» DIRECTIONS FOR THIS TASK
Omit the images, then repeat the listing exactly.

=== Begin Enclosure ===

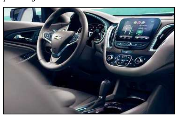
The new Malibu incorporates a host of fresh technologies, including Chevrolet's Teen Driver feature.
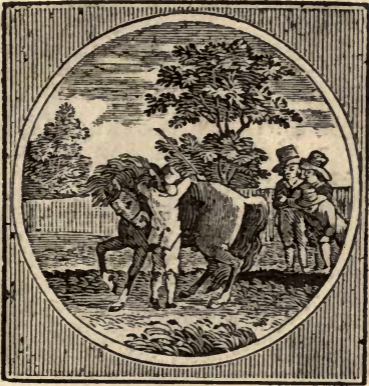
The little Pony and his rider.
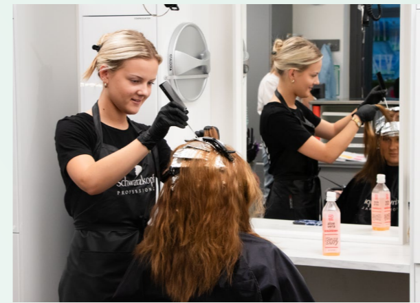
THE HAIRDRESSER AND STYLIST PROGRAMME
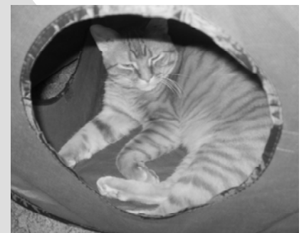
Orville was adopted from PetSmart in Sheboygan.
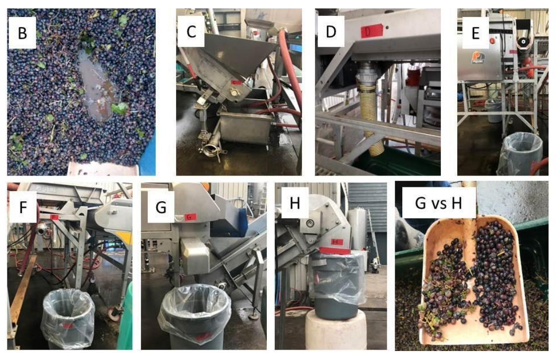
Figure 3. Sampling points: A not shown; B = inoculated grapes in bin (pre-sorting); C = free run juice collected from hopper; D = waste from crusher; E = post mechanical sorter solids; F = post mechanical sorter liquids; G = post optical sorter, rejected; H = post optical sorter, accepted; G vs H = post optical sorter rejected (left) and accepted (right)

Figure 2. The operator set the parameter of the Pellenc sorter, de-stemmer, and Selectiv' Process Vision. These parameters were the same as normal operations.
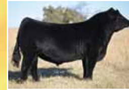
LLSF Pays To Believe
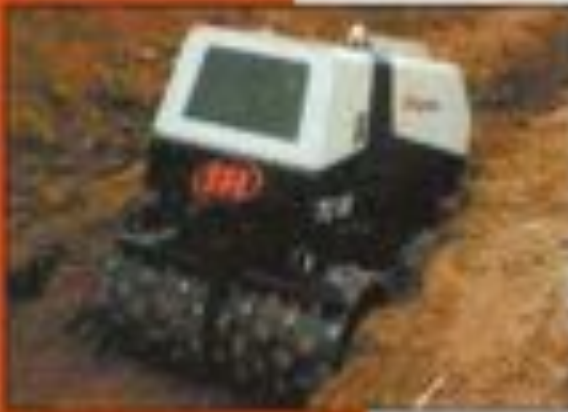
New TC13 Trench Compactor
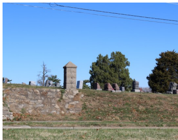
Dividing wall between the two cemeteries, the rest of tour is in Mount Hope .
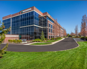
HAMILTON CROSSING III • 12800 North Meridian Street • Multi-story • On-site conference center
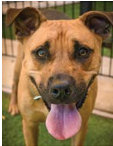
Gracie (A86459), 1 year old. "I'm friendly, gentle, and dog social."
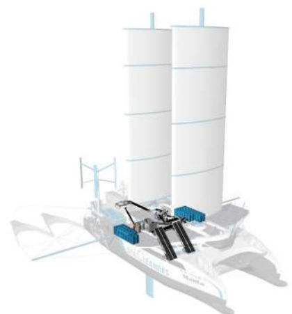
WASTE PREPARATION ZONE
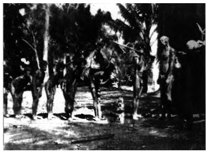
Adam Smith's homo economicus in its natural environment, engaged in financial speculation from the depths of the cave.

a farce all the more amusing considering that no such species has ever existed, even in the London-style "City," where nonetheless certain cave-dwelling sorcerers called "stock traders" abound.
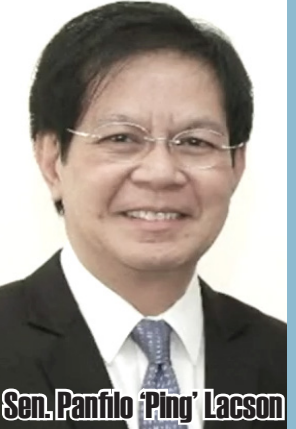
Sen. Panfilo 'Ping' Lacson
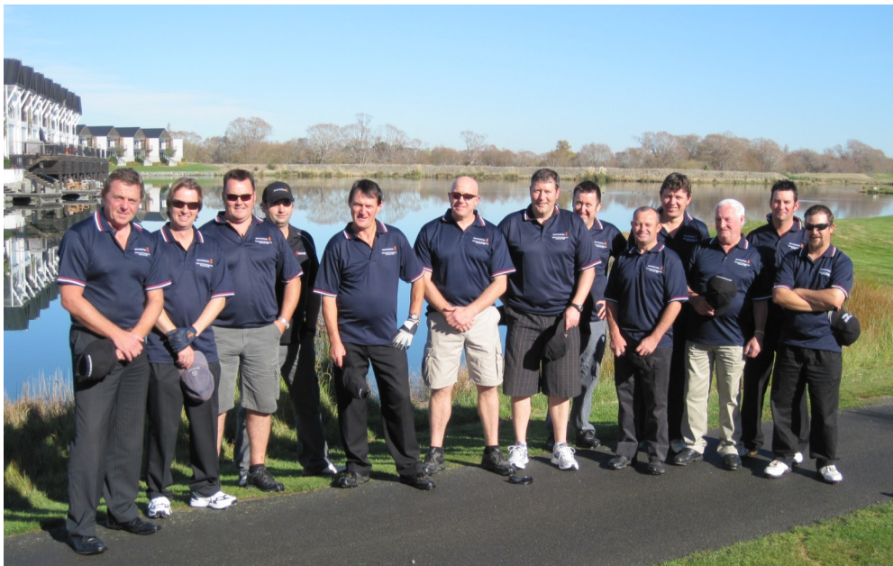
Representatives from each of the regions in the National Golf Tournament ready to tee off
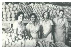
TOPLINE FRUIT EAST LINDFIELD Shop 7 Hughes Place East Lindfield
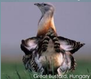
Great Bustard, Hungary
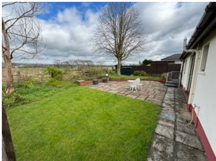
Garden looking out to Paddock

A private garden area being well kept and well designed by the current owner and being laid mostly to level lawn with nicely planted flower borders , large patio and Cherry Blossom tree centrally located within the front garden.
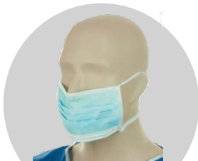
3 ply Surgical Face Mask
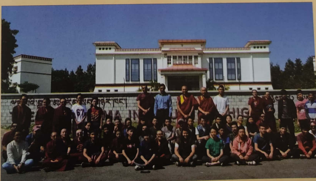
Educational Tour 2019-20
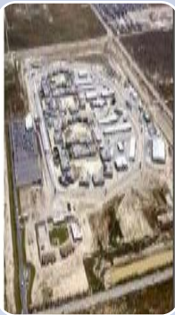
CALIFORNIA STATE PRISON LOS ANGELES COUNTY LEVEL III/GP
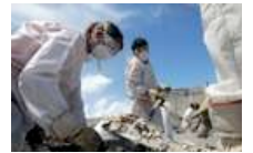
Samaritan's Purse Volunteers
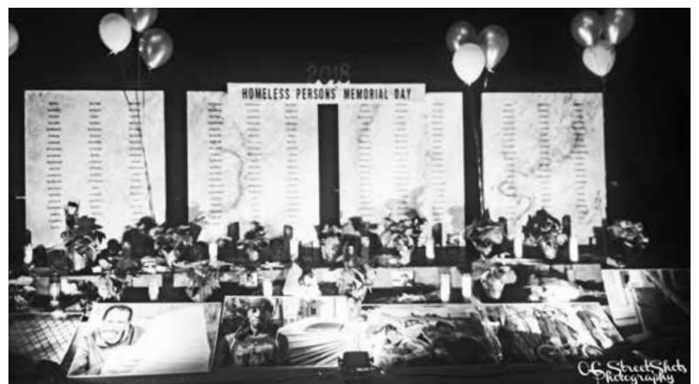
Homeless person's Memorial Day altar, Orange County, CA. Remembered were the 244 official homeless deaths, not including the uncounted homeless deaths.

While shelters are short-term solutions for the homeless, the lack of affordable housing, adequate long-term housing, and mismanagement of funds by nonprofits as
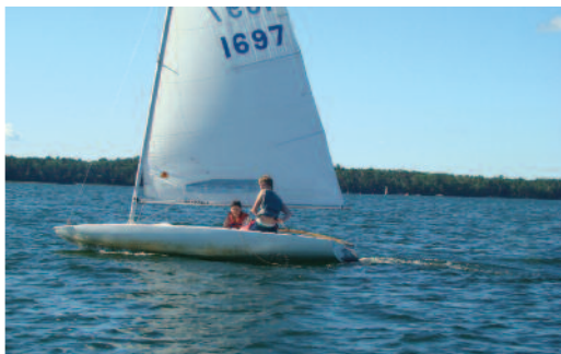
The MC is one of 5 different types of boats in our fleet.
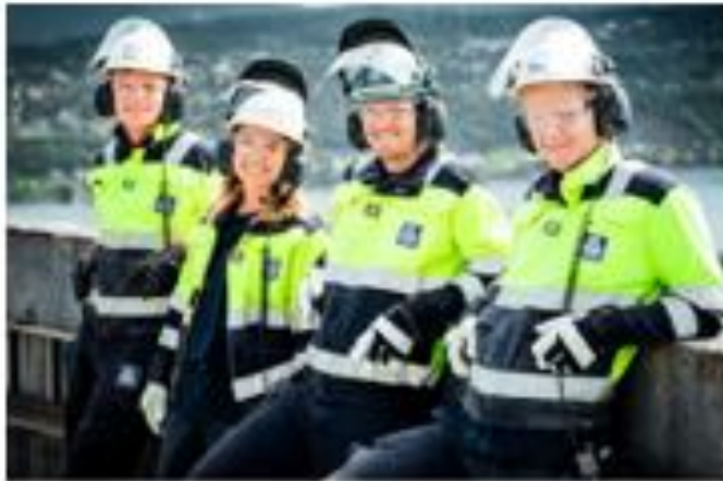
Yara International - inntil 283 mill. kroner
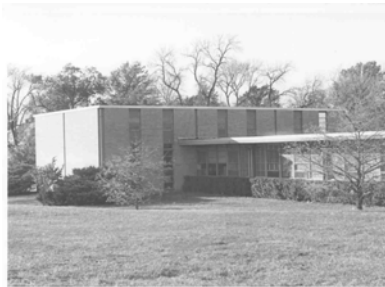
An archival picture of the Myers Library

Students staffing the library on Saturdays in the past found that there were not many library visitors when they were on duty on Saturdays. Some students did use the library to work on their homework assignments; but the majority of students were coming into the library for just a few minutes, during the time that it
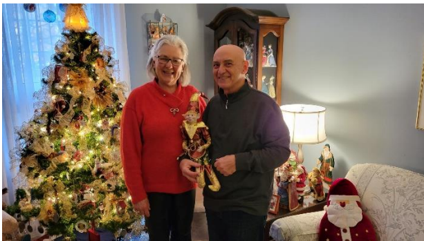
Round Robin Champions
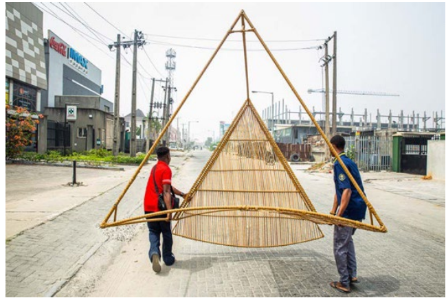
Nifemi Marcus-Bello, "Waf Kiosk (temporary installation)," 2022. Photograph. From the 2022 individual grant to Nifemi Marcus-Bello for "Africa—A Design Utopia"
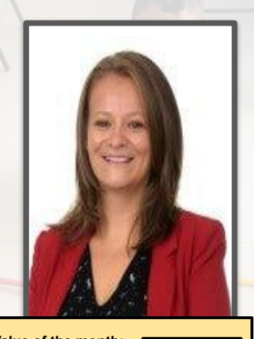
Value of the month: Respect Islamic value: الإحترام Learning Skills Focus Innovate and Create

On Monday, we will be starting our new topic 'Going on a Journey' where we will be blasting off into space, meeting some aliens and learning all about the 'Man on the Moon'. We are extremely excited to start this adventure.
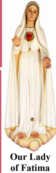
Our Lady of Fatima
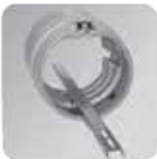
Stake (S2 Shown)
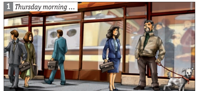
1 Thursday morning ...

Hi. My name's Cindy Gaskell. My 1 _____ Ryan and I own this Internet café – The Coffee Shop. I'm British, but Ryan's 2 _____. We've got two children – Melanie and Russell. Melanie's a student at Manchester University and Russell works in Spain for a 3 _____ company. That's Ryan over there – the man with the beard. He's talking to Jordan Morris. Jordan's Australian and he's a computer engineer. He's 4 _____ our computers, but he isn't doing that now. He's waiting for his girlfriend, Lucy Patterson. Actually, Jordan really wants to be an actor. He was in a TV advert last year.
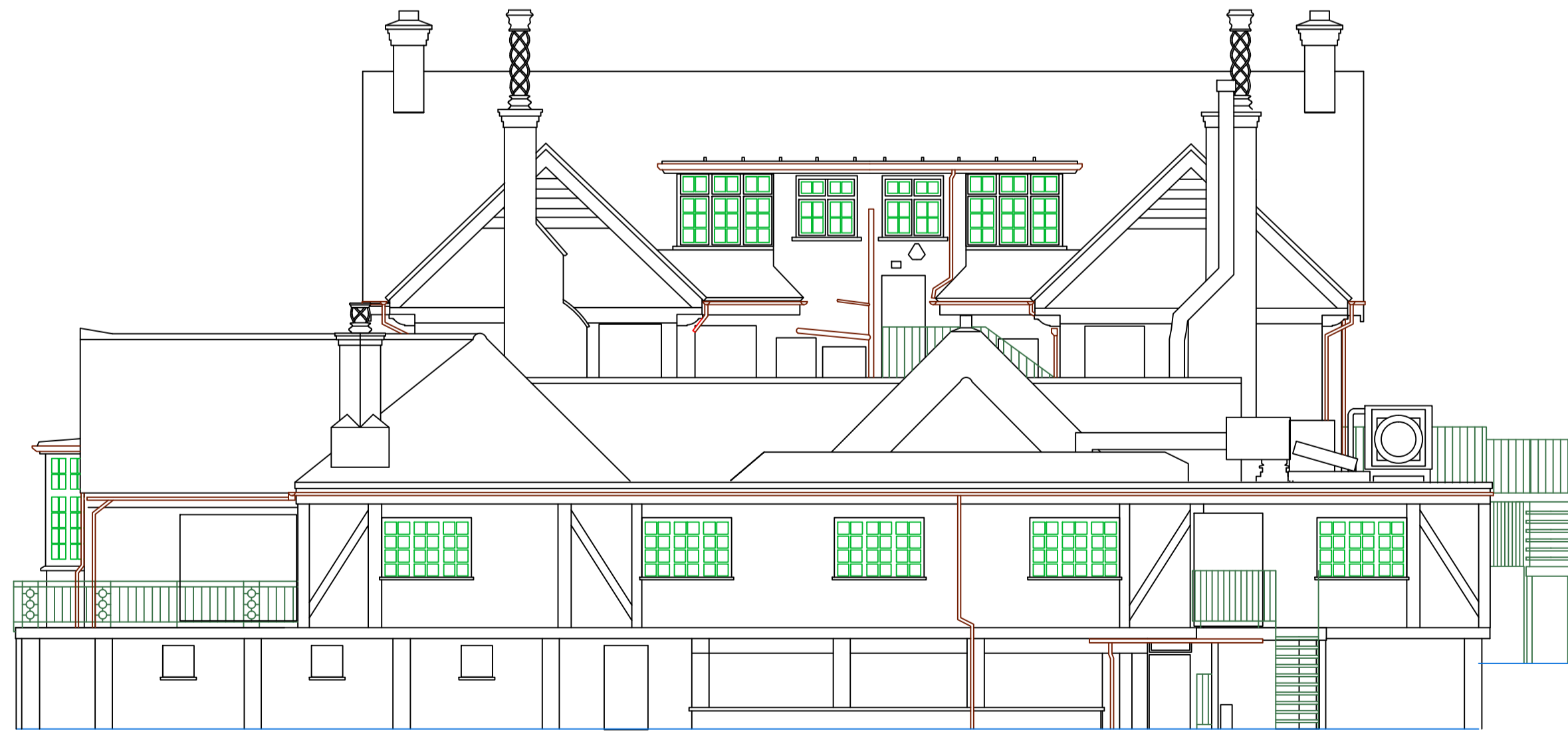
DATUM 47.00m (Local Datum) NORTHWEST ELEVATION
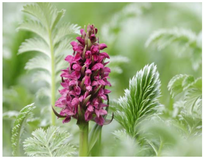
Orchid & Silverweed on Benbecula Machair
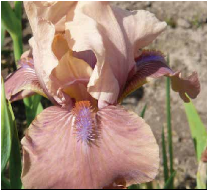
(above): Rust Never Sleeps (Lauer 2016) IB

=== End Enclosure ===

» EXPECTED ANSWER
The new Malibu incorporates a host of fresh technologies, including Chevrolet's Teen Driver feature.
The little Pony and his rider.
THE HAIRDRESSER AND STYLIST PROGRAMME
Orville was adopted from PetSmart in Sheboygan.
Figure 3. Sampling points: A not shown; B = inoculated grapes in bin (pre-sorting); C = free run juice collected from hopper; D = waste from crusher; E = post mechanical sorter solids; F = post mechanical sorter liquids; G = post optical sorter, rejected; H = post optical sorter, accepted; G vs H = post optical sorter rejected (left) and accepted (right)

Figure 2. The operator set the parameter of the Pellenc sorter, de-stemmer, and Selectiv' Process Vision. These parameters were the same as normal operations.
LLSF Pays To Believe
New TC13 Trench Compactor
Dividing wall between the two cemeteries, the rest of tour is in Mount Hope .
HAMILTON CROSSING III • 12800 North Meridian Street • Multi-story • On-site conference center
Gracie (A86459), 1 year old. "I'm friendly, gentle, and dog social."
WASTE PREPARATION ZONE
Adam Smith's homo economicus in its natural environment, engaged in financial speculation from the depths of the cave.

a farce all the more amusing considering that no such species has ever existed, even in the London-style "City," where nonetheless certain cave-dwelling sorcerers called "stock traders" abound.
Sen. Panfilo 'Ping' Lacson
Representatives from each of the regions in the National Golf Tournament ready to tee off
TOPLINE FRUIT EAST LINDFIELD Shop 7 Hughes Place East Lindfield
Great Bustard, Hungary
Garden looking out to Paddock

A private garden area being well kept and well designed by the current owner and being laid mostly to level lawn with nicely planted flower borders , large patio and Cherry Blossom tree centrally located within the front garden.
3 ply Surgical Face Mask
Educational Tour 2019-20
CALIFORNIA STATE PRISON LOS ANGELES COUNTY LEVEL III/GP
Samaritan's Purse Volunteers
Homeless person's Memorial Day altar, Orange County, CA. Remembered were the 244 official homeless deaths, not including the uncounted homeless deaths.

While shelters are short-term solutions for the homeless, the lack of affordable housing, adequate long-term housing, and mismanagement of funds by nonprofits as
The MC is one of 5 different types of boats in our fleet.
Yara International - inntil 283 mill. kroner
An archival picture of the Myers Library

Students staffing the library on Saturdays in the past found that there were not many library visitors when they were on duty on Saturdays. Some students did use the library to work on their homework assignments; but the majority of students were coming into the library for just a few minutes, during the time that it
Round Robin Champions
Nifemi Marcus-Bello, "Waf Kiosk (temporary installation)," 2022. Photograph. From the 2022 individual grant to Nifemi Marcus-Bello for "Africa—A Design Utopia"
Value of the month: Respect Islamic value: الإحترام Learning Skills Focus Innovate and Create

On Monday, we will be starting our new topic 'Going on a Journey' where we will be blasting off into space, meeting some aliens and learning all about the 'Man on the Moon'. We are extremely excited to start this adventure.
Our Lady of Fatima
Stake (S2 Shown)
1 Thursday morning ...

Hi. My name's Cindy Gaskell. My 1 _____ Ryan and I own this Internet café – The Coffee Shop. I'm British, but Ryan's 2 _____. We've got two children – Melanie and Russell. Melanie's a student at Manchester University and Russell works in Spain for a 3 _____ company. That's Ryan over there – the man with the beard. He's talking to Jordan Morris. Jordan's Australian and he's a computer engineer. He's 4 _____ our computers, but he isn't doing that now. He's waiting for his girlfriend, Lucy Patterson. Actually, Jordan really wants to be an actor. He was in a TV advert last year.
DATUM 47.00m (Local Datum) NORTHWEST ELEVATION
Orchid & Silverweed on Benbecula Machair
(above): Rust Never Sleeps (Lauer 2016) IB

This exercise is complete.